Here’s a good pub quiz question: who was the world’s biggest manufacturer of plug-in cars in 2022? What would you guess? Tesla’s the obvious one. Maybe the Volkswagen Group or Stellantis?
Well, you’d be looking at the wrong side of the planet. BYD, or Build Your Dreams, is a Chinese manufacturer based in Shenzhen. It produces batteries, solar panels, forklift trucks, trains, buses, cars and more, and it’s recently burst onto the European car market, including the UK. Last year, it made 1.85 million plug-in cars.
BYD is no small deal, then. It was established in 1995 chiefly as a battery producer, while the automotive arm – BYD Auto Co Ltd – arrived in 2003. At the end of 2022, it produced one in every five phone batteries around the globe, was the second-largest producer of high-voltage vehicle batteries, had registered 28,000 patents and employed 600,000 people globally across six continents, 70 countries and 400 cities.

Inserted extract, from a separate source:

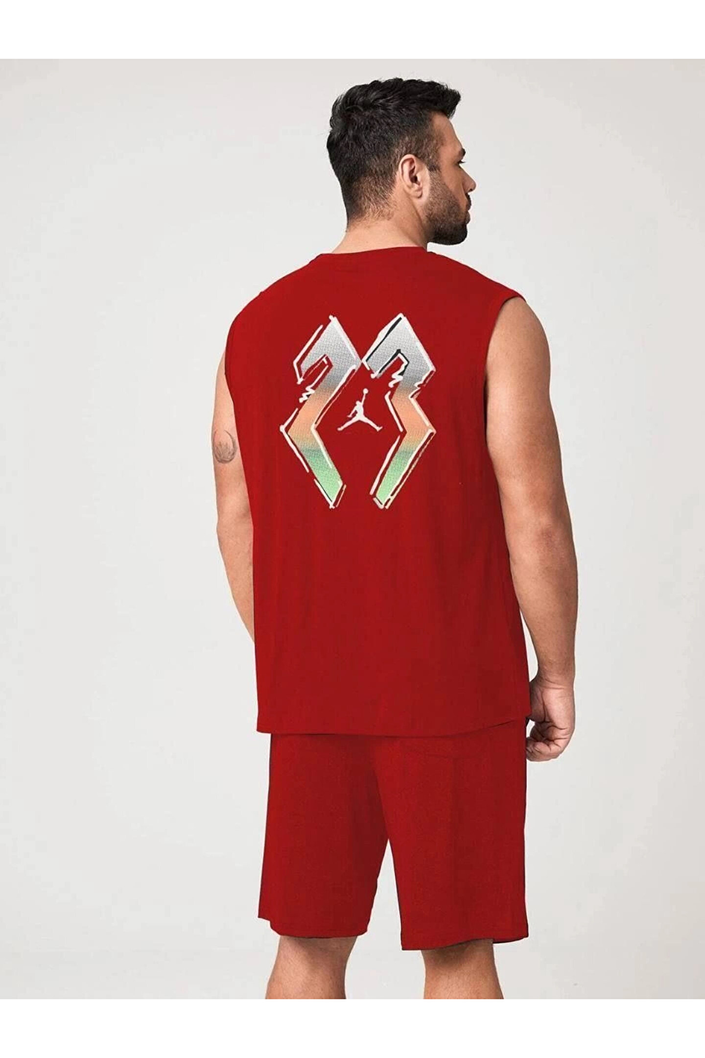 MODA Erkek Sırt Baskılı Sıfır Kol İkili Şort Takım - Kırmızı

The caveat about that 1.85 million battery car sales figure is that this includes plug-in hybrids. A total of 911,141 BYD sales in 2022 were BEVs, and 946,238 were PHEVs. Tesla still dominates BEV sales, with 1.3 million sold globally last year, but that may change in 2023 despite BYD not being in North America (the second-largest car market after China). Not yet, anyway...
And who provides the batteries for the Tesla Model Y in the American maker’s Grünheide factory in Germany? Yup: BYD.
On the subject of parts and battery manufacturing, we have reached the core strength of BYD, which can produce almost every part of its vehicles in-house. Semiconductors, wiring looms, interior furnishings, touchscreens, electric motors, combustion engines, battery packs and almost anything else you can think of: it’s all made by BYD in one of its six China-based manufacturing plants, and there’s another battery plant on the cards for China, too. On the Atto 3, for instance, only the glass and tyres are produced by third parties.
We know that BYD is big, then. Big in manufacturing, and now bigger than Tesla on a global scale when it comes to passenger cars alone. All of which makes its underlying anonymity even more unsettling to a European market that has grown used to familiar, long-established brands.